Meu perfil no Instagram: vitrine de fotos de looks maravilhosos, #tbt de viagens esporádicas e carão de gata confiante. Vez ou outra alguns stories mostrando minhas refeições saudáveis (exceção à regra), seguido de foto no espelho da academia exibindo belíssimos pares de coxas grossas.

Seria o retrato perfeito de mulher independente, estável e com a rotina em dia se não falássemos de todo o contexto existente por trás dessa criação de conteúdo extremamente peneirada.

Mulher negra selfie ring light influencer influenciadora - Getty Images - Getty Images
Imagem: Getty Images

Os dias em que choro ao não conseguir executar tarefas simples por causa do transtorno de ansiedade não são postados, muito menos o meu estado de espírito depois de precisar resolver problemas familiares que não dizem respeito a mim. Sem falar no sentimento ao ter que escolher quais produtos vão e quais ficam no caixa do supermercado durante as compras, afinal a inflação está alta e mais uma vez o orçamento não cobre a realidade.

A verdade é que nós mostramos apenas o que queremos que seja visto. Assim, nossas responsabilidades profissionais, domésticas, familiares e, se sobrar um tempinho, pessoais, acabam se tornando invisíveis aos olhos de quem vê de fora.

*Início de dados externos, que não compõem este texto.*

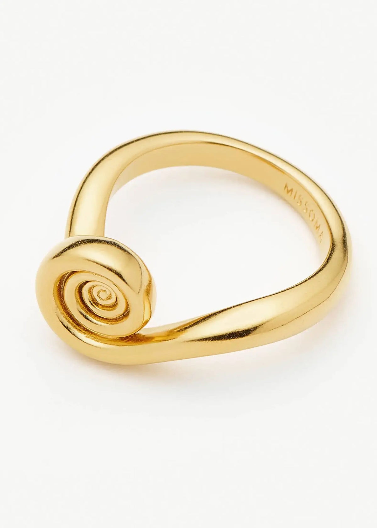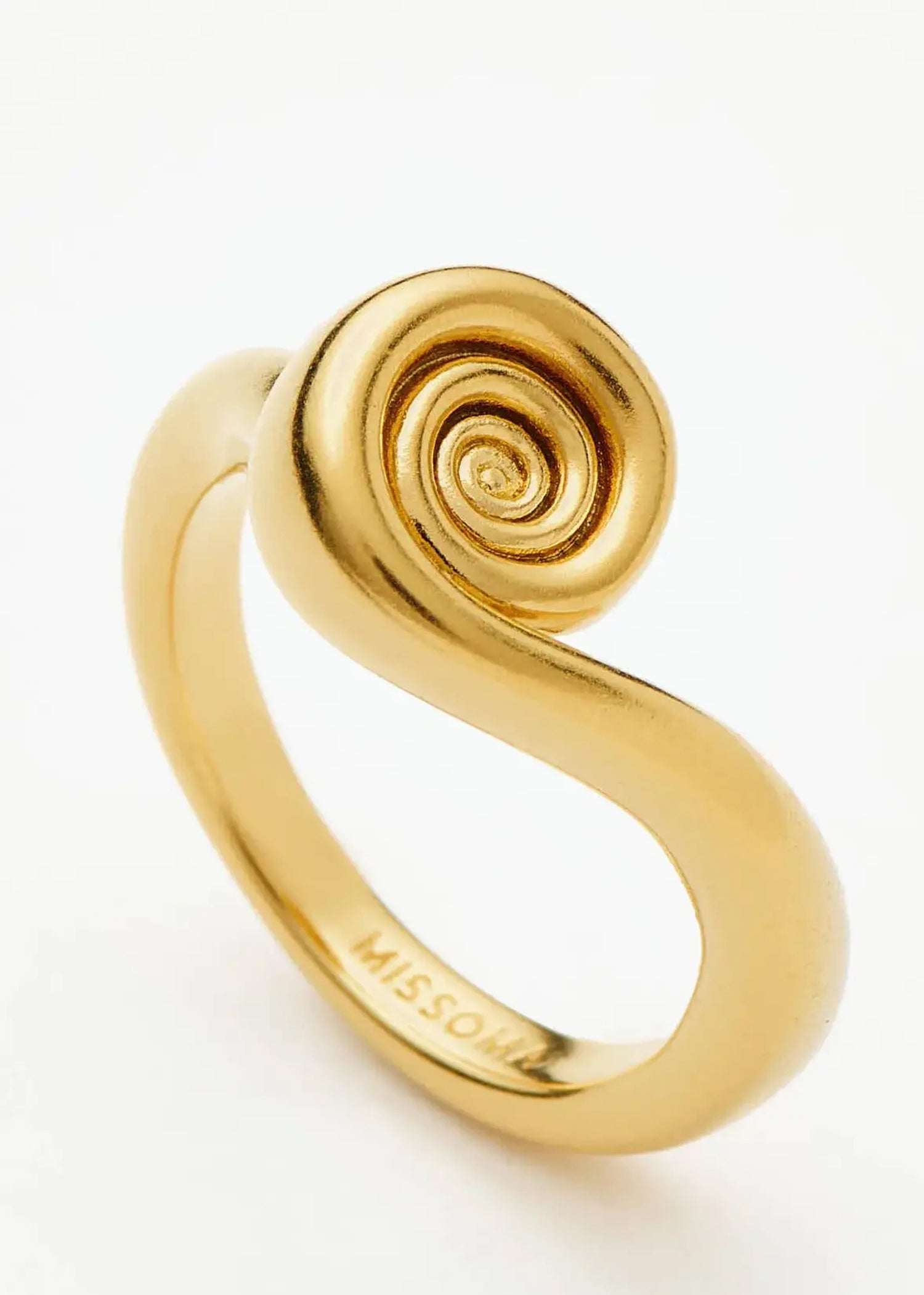 This Spiral Stacking Ring by Missoma is a beautifully crafted piece that captures a sense of fluid, modern design. The sculpted spiral design creates a continuous, elegant line on the finger, perfect for adding a touch of sophisticated texture. This versatile ring is ideal for stacking with other bands or for wearing alone as a simple statement of unique style. It symbolizes a continuous journey and refined elegance.

Mas ser uma mulher independente dá trabalho. Não só é difícil como exaustivo mentalmente. Existem dois termos que quero trazer para a discussão: carga mental e trabalho emocional. Enquanto homens comumente se ocupam apenas de suas responsabilidades profissionais e pessoais, mulheres dedicam atenção constante às tarefas domésticas, maternas e profissionais, pensando com frequência no gerenciamento e planejamento dessas demandas coletivas.

Ressaltamos que, de forma histórica e estrutural, nós, mulheres, somos vistas como capazes de realizar com foco diversas atividades ao mesmo tempo. Grotesco, não? Nós o fazemos por falta de opção.

No ano de 2004, duas acadêmicas norte-americanas, Mary Ellen Guy e Meredith Newman, publicaram um artigo intitulado "Women's Jobs, Men's Jobs: Sex Segregation and Emotional Labor" (trabalhos femininos, trabalhos masculinos: segregação sexual e emocional, em tradução livre).

Enquanto mulheres constantemente executam tarefas que exigem trabalho emotivo, como suavizar tensões e relacionamentos conturbados, cuidar, planejar, gerenciar, ter empatia e trabalhar nos bastidores para possibilitar condições de trabalho cooperativo, o homem cumpre seu papel braçal ou intelectual dentro de sua posição sem ter de administrar o trabalho emocional. Se lembrarmos que não somos remuneradas e compensadas por desempenhar esse "trabalho invisível" o cenário se torna ainda mais chocante.

O resultado é um só e fica fácil compreender por que nós, mulheres independentes, seguimos tão exaustas das posições que ocupamos na sociedade, mental e fisicamente falando. Nos foi projetada durante séculos a ideia engessada de sermos gerenciadoras da casa, da família, do trabalho e de si. E é urgente pensarmos novas lógicas nas quais possamos nos desligar e olhar para dentro.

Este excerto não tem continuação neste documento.